說不關心是假的,當年她有多寵她,現在她就有多擔心劉秀清。
雖然當時劉秀清說話很難聽,但她一心為了兒子,做了母親之後,才明白那種護犢之心,對她的怨恨也少多了。
當時她找上門,她的言辭犀利的痛罵了她一頓,差點為此喪失生命。
後來還是李紹救了她。他說的話雖難聽,但是真的管用。
大大的刺激了她。
一切恩怨拋開,現在再回想,哪有那麽多的仇恨恩怨呢。
當初劉秀清有多痛恨與厭惡她,現在也變得如同朋友般關心了。
雖說關係無法修複到以前的,但是比你毒我恨好多了。
韓月雖然想要急著見到劉秀清,又考慮到她剛回來,估計要好好的休整一下,等了一個晚上,第二天還是不放心的打過來電話問候她。
劉秀清接到韓月的電話,雖然吃驚,但也非常高興。
這個時候打來電話問候的,都是在意她,關心她的人。
兩人絮絮叨叨說了很久的電話。
直到韓月上班的時間到了,他們才不舍的掛斷電話。
相約在星期六的時候,帶著小思槿與小韓爍一起去遊樂場玩。
兩人約定,在放學的時候,去幼兒園接孩子。
剛掛斷電話的劉秀清,一轉身就發現剛才還在他身邊的老公,一轉眼就不見了。以為他去上廁所了,左等右等不見他人從廁所裏出來。

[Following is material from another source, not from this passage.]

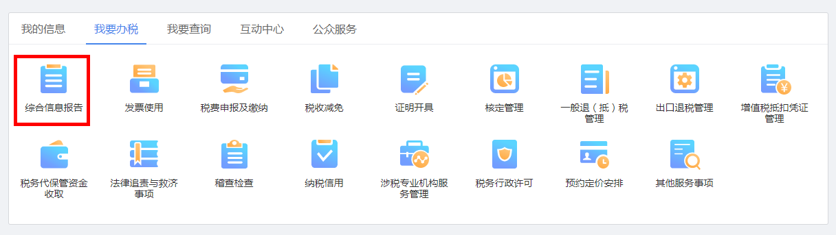 1.登录成功之后,首页点击【综合信息报告】业务按钮。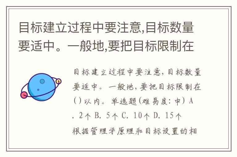 目标建立过程中要注意,目标数量要适中。一般地,要把目标限制在( )以内。单选题(难易度:中) A. 2个 B. 5个 C. 10个 D. 15个

自己也快憋不住了,連忙敲門,門內根本沒有人回應,她才推開門一眼掃過去,發現門內空蕩蕩的,根本沒有他的身影。
現在尿意來襲,根本顧不了那麽多。趕緊先解決了小便再說。
當她洗完手,以為在客廳能夠發現他,在客廳轉悠了半天,也沒有發現他的人。
安溪好笑的看著劉秀清四處晃蕩,找人的樣子。
估計她是找自己的老公的吧。
她明明聽到未來的公公對她說道:“我出去一下,一會兒就回來。”
當時她正跟人講電話,眉飛色舞的根本就沒有聽清他對她說什麽,連連對他擺了擺手,又點了點頭。
看她現在這個樣子,難道剛才的事情她完全沒有印象,或者是注意力太集中了,根本沒有聽到她老公給她說的話?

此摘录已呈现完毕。